STORED DATA
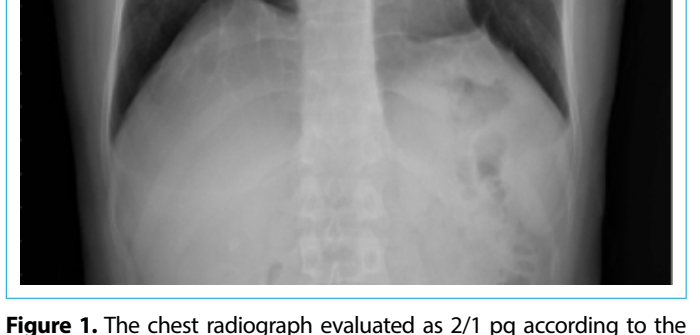
Figure 1. The chest radiograph evaluated as 2/1 pq according to the International Labour Organization International Classification of Radiographs of Pneumoconioses.

Aluminum-associated lung diseases are very now rare in occupational medicine. The first cases of lung disease due to industrial exposure to aluminum were reported in Germany in the 1930s.<sup>[4]</sup> The impact of aluminum dust inhalation on the lungs was comprehensively studied in the 1940s, when Goralewski first used the term "aluminum lung".<sup>[5]</sup> He explored several pathophysiological mechanisms and
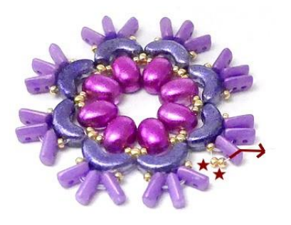
8) Pick up 2 SB15 through the Piros (second hole)

EXERCISE GOAL
All that's required is the material above repeated exactly, minus any picture.

PROBLEM SOLUTION
Figure 1. The chest radiograph evaluated as 2/1 pq according to the International Labour Organization International Classification of Radiographs of Pneumoconioses.

Aluminum-associated lung diseases are very now rare in occupational medicine. The first cases of lung disease due to industrial exposure to aluminum were reported in Germany in the 1930s.<sup>[4]</sup> The impact of aluminum dust inhalation on the lungs was comprehensively studied in the 1940s, when Goralewski first used the term "aluminum lung".<sup>[5]</sup> He explored several pathophysiological mechanisms and
8) Pick up 2 SB15 through the Piros (second hole)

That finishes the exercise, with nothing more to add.